#### What is required:
Without copying any picture, transcribe exactly the lines of the data below from the one containing "- 新品 ファビオフラーティ" through the one containing "Bitcoin is moving".

BEGIN Material provided

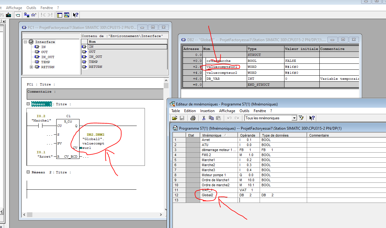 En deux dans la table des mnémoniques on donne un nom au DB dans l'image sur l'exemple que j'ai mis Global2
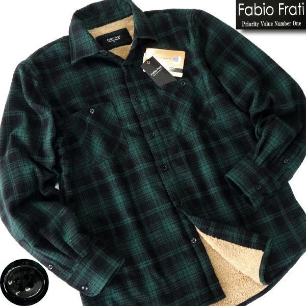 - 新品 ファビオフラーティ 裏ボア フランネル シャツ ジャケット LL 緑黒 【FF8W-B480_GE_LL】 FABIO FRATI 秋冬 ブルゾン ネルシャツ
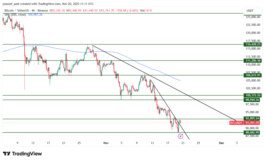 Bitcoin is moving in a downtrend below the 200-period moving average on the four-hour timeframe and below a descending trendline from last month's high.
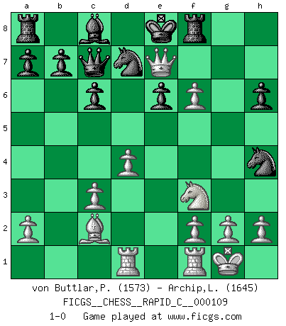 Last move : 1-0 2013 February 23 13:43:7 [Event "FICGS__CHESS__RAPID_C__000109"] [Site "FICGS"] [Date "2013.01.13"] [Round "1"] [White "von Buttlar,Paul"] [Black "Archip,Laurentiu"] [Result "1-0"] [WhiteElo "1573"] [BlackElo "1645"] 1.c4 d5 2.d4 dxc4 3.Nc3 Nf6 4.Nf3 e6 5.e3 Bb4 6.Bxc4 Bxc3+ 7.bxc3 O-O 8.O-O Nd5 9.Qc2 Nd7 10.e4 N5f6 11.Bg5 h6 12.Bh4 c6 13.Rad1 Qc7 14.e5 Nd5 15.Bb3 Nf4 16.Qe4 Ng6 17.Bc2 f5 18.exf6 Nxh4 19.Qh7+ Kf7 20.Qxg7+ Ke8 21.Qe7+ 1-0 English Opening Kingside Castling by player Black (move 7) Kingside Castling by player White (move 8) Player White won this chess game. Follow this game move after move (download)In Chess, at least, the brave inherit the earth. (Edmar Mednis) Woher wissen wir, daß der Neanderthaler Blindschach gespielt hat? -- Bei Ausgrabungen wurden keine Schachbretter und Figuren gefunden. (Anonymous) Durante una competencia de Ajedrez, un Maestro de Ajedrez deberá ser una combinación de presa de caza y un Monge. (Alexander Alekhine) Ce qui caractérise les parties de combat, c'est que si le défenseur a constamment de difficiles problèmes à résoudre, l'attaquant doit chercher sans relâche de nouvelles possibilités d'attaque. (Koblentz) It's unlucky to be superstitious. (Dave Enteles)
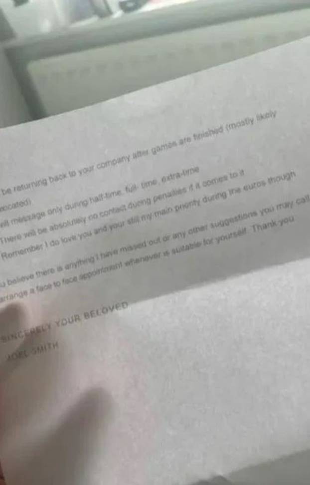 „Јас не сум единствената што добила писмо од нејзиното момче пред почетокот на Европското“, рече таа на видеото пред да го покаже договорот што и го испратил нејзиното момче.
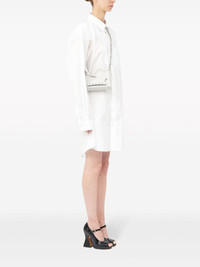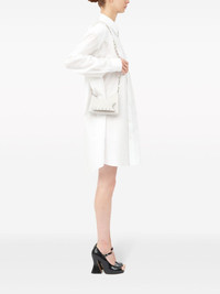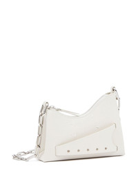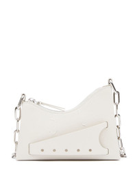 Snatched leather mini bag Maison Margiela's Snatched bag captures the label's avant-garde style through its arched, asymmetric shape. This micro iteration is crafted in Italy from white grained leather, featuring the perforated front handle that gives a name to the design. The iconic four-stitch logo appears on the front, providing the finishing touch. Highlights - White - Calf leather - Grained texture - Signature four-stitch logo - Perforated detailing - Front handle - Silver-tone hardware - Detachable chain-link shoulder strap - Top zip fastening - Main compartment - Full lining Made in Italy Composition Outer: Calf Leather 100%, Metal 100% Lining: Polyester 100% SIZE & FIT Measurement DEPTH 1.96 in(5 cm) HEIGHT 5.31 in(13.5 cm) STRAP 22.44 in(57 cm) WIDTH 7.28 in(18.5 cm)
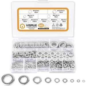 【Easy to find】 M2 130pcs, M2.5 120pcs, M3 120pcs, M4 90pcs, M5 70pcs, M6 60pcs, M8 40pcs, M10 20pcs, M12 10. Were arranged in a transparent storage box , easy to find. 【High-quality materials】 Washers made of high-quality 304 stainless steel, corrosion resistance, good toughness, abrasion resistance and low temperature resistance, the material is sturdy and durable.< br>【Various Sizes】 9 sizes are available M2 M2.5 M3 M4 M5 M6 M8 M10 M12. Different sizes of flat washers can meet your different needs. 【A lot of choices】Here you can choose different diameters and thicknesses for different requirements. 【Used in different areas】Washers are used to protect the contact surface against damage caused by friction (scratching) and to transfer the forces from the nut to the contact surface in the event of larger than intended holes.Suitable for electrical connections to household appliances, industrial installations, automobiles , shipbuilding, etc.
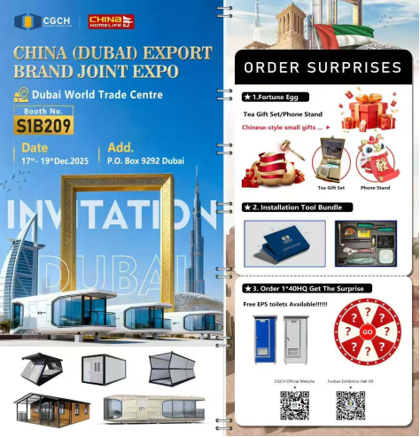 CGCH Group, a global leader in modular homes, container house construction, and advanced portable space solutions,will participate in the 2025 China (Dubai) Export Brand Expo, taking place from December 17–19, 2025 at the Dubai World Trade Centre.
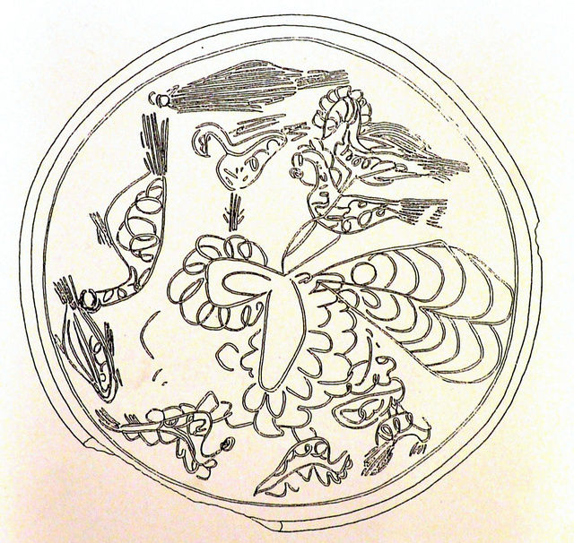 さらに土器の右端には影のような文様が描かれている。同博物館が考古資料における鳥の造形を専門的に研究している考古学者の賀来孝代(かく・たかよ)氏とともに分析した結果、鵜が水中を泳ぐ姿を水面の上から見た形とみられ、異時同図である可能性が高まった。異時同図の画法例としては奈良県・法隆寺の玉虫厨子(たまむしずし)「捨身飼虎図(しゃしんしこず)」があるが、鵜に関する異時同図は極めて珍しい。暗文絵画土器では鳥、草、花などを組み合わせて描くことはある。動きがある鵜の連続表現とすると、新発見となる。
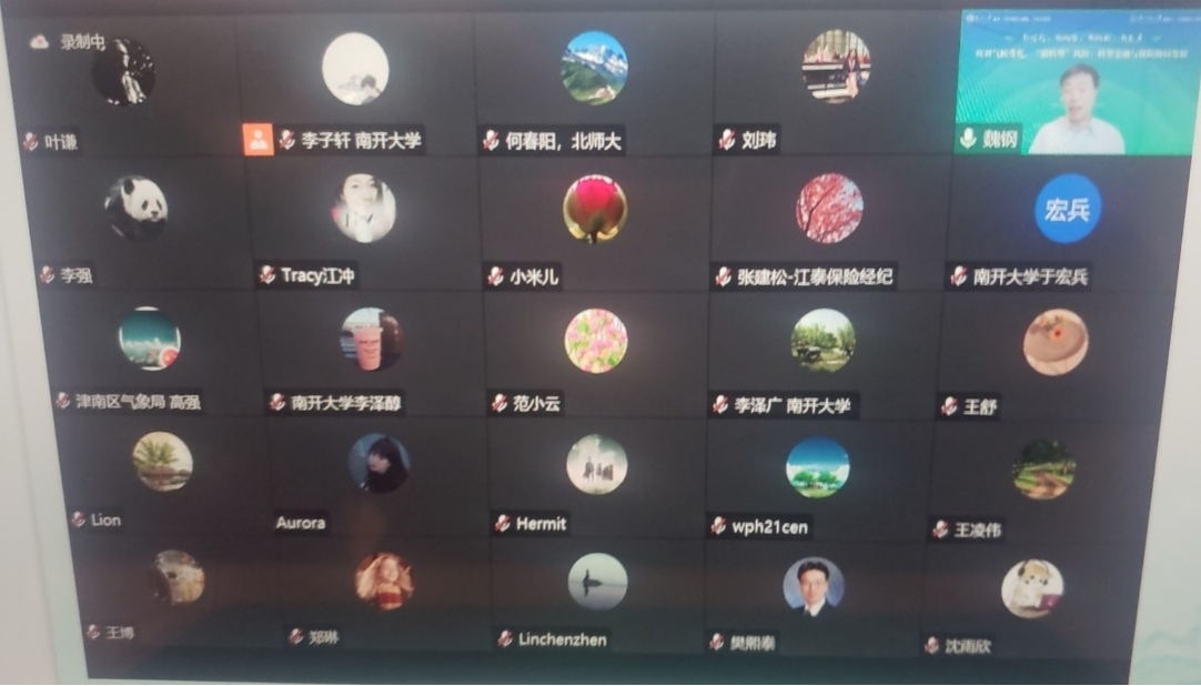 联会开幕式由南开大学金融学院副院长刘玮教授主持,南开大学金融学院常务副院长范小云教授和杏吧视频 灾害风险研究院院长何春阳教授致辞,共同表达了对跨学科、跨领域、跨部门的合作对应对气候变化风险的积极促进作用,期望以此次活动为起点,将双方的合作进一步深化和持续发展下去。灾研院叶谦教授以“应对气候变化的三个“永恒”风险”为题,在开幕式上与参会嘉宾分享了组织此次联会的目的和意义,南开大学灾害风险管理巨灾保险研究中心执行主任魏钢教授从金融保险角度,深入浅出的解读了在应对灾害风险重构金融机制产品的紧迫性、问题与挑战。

END Material provided

#### Reply:
 - 新品 ファビオフラーティ 裏ボア フランネル シャツ ジャケット LL 緑黒 【FF8W-B480_GE_LL】 FABIO FRATI 秋冬 ブルゾン ネルシャツ
 Bitcoin is moving in a downtrend below the 200-period moving average on the four-hour timeframe and below a descending trendline from last month's high.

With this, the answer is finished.